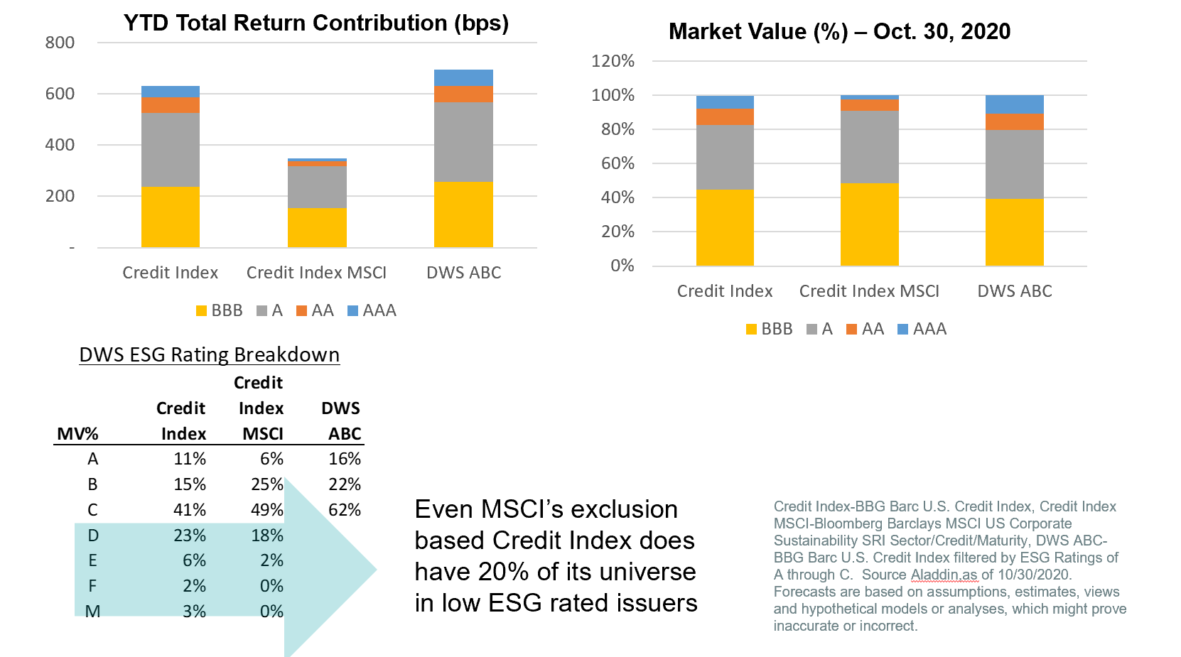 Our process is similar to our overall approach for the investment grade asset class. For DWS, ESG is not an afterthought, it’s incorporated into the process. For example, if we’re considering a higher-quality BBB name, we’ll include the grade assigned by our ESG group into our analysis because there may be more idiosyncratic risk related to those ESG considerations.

☆ ☆ ☆ ☆ ☆

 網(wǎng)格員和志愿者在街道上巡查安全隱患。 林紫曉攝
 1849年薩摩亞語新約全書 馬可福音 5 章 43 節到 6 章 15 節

☆ ☆ ☆ ☆ ☆

WHAT THIS TASK INVOLVES: Can you repeat, word for word, every line above from the one containing "網(wǎng)格員和志愿者在街道上巡查安全隱患。 林紫曉攝" down to the one containing "1849年薩摩亞語新約全書 馬可福音 5 章 43 節到 6 章 15 節", including both?

EXERCISE RESULT:
 網(wǎng)格員和志愿者在街道上巡查安全隱患。 林紫曉攝
 1849年薩摩亞語新約全書 馬可福音 5 章 43 節到 6 章 15 節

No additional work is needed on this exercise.